Data records:
□ □ □ □ □ □ □

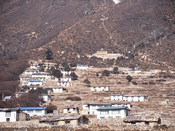 Am Nachmittag mache ich einen ausgedehnten Spaziergang durch dieses typische Sherpadorf, dessen, von Kartoffeläckern umgebene Häuser in gebührendem Abstand voneinander liegen.
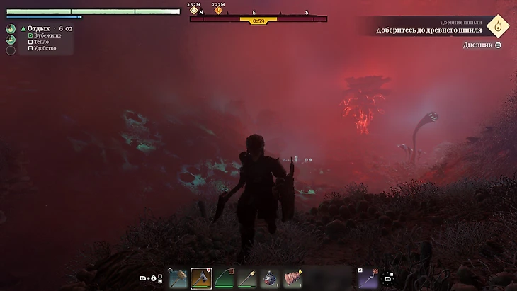 Порой вылазки затягиваются на много часов. Чтобы восстановить здоровье и получить бонусы, используйте припасы. Вода временно увеличит выносливость, приготовленное на костре мясо – увеличит полоску HP.
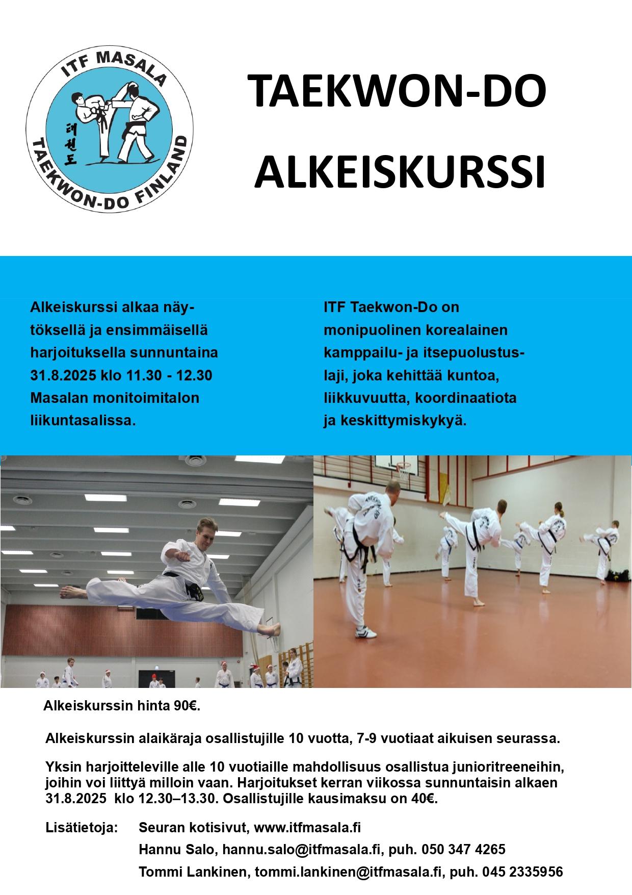 ITF Masalan alkeiskurssi alkaa näytöksellä ja ensimmäisellä harjoituksella sunnuntaina 25.8.2024 klo 11.30 - 12.30 Masalan monitoimitalon liikuntasalissa (Puolukkamäki 7). Otamme uusia mukaan alkeiskurssille kuukauden ajan ensimmäisen harjoituksen jälkeen.
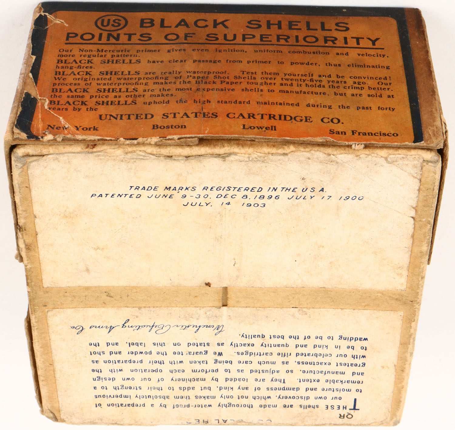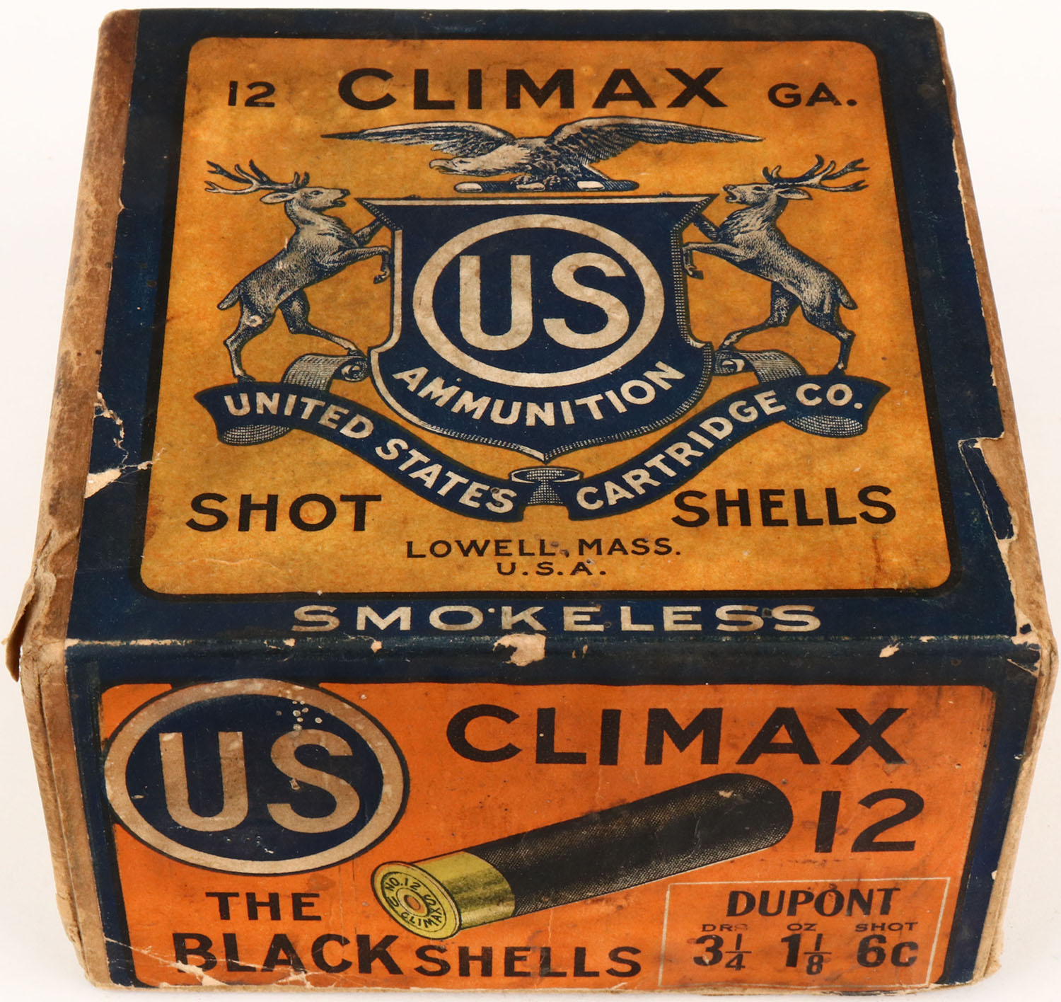 US Cart. Co., Lowell, Mass, Climax, 12ga, 2pc., shot size 6c Dupont, Empty, buff box orange, blue & white label, box has age soiling, box is torn on left side, has incorrect bottom label with very good label. Grade: Very Good + - Value: 20 to 40
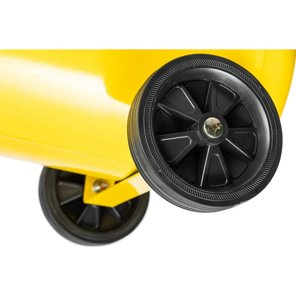 -передвижная конструкция с колесами и опорами облегчает перемещение компрессора по рабочей площадке;
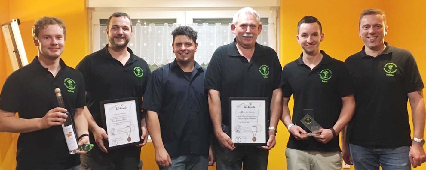 Johannes Müller und Florian Nessler wurden für elf Jahre aktive Mitgliedschaft in der Guggemusik geehrt und erhielten eine Urkunde in Kombination mit einer Flasche Likör. Für 33 Jahre aktive Mitgliedschaft bedankt sich die Vorstandschaft bei Wolfgang Mischnick. Für dieses Jubiläum erhielt er ebenfalls eine Urkunde mit einer Flasche Likör. Außerdem erhielt er ein graviertes Bierglas mit Widmung. Für den besten Tourbesuch 2017/2018 wurde Johannes Heinz mit einem Tour-Pokal geehrt. Den zweiten Platz belegten Mathias Schöner, Johannes Müller und Wolfgang Mischnick. Auf dem dritten Platz landete der erste Vorsitzende Daniel Behrschmidt.

□ □ □ □ □ □ □

## PROBLEM DETAILS:
Write out the records above exactly as they appear, leaving out any pictures.

## WRITTEN REPLY:
 Am Nachmittag mache ich einen ausgedehnten Spaziergang durch dieses typische Sherpadorf, dessen, von Kartoffeläckern umgebene Häuser in gebührendem Abstand voneinander liegen.
 Порой вылазки затягиваются на много часов. Чтобы восстановить здоровье и получить бонусы, используйте припасы. Вода временно увеличит выносливость, приготовленное на костре мясо – увеличит полоску HP.
 ITF Masalan alkeiskurssi alkaa näytöksellä ja ensimmäisellä harjoituksella sunnuntaina 25.8.2024 klo 11.30 - 12.30 Masalan monitoimitalon liikuntasalissa (Puolukkamäki 7). Otamme uusia mukaan alkeiskurssille kuukauden ajan ensimmäisen harjoituksen jälkeen.
 US Cart. Co., Lowell, Mass, Climax, 12ga, 2pc., shot size 6c Dupont, Empty, buff box orange, blue & white label, box has age soiling, box is torn on left side, has incorrect bottom label with very good label. Grade: Very Good + - Value: 20 to 40
 -передвижная конструкция с колесами и опорами облегчает перемещение компрессора по рабочей площадке;
 Johannes Müller und Florian Nessler wurden für elf Jahre aktive Mitgliedschaft in der Guggemusik geehrt und erhielten eine Urkunde in Kombination mit einer Flasche Likör. Für 33 Jahre aktive Mitgliedschaft bedankt sich die Vorstandschaft bei Wolfgang Mischnick. Für dieses Jubiläum erhielt er ebenfalls eine Urkunde mit einer Flasche Likör. Außerdem erhielt er ein graviertes Bierglas mit Widmung. Für den besten Tourbesuch 2017/2018 wurde Johannes Heinz mit einem Tour-Pokal geehrt. Den zweiten Platz belegten Mathias Schöner, Johannes Müller und Wolfgang Mischnick. Auf dem dritten Platz landete der erste Vorsitzende Daniel Behrschmidt.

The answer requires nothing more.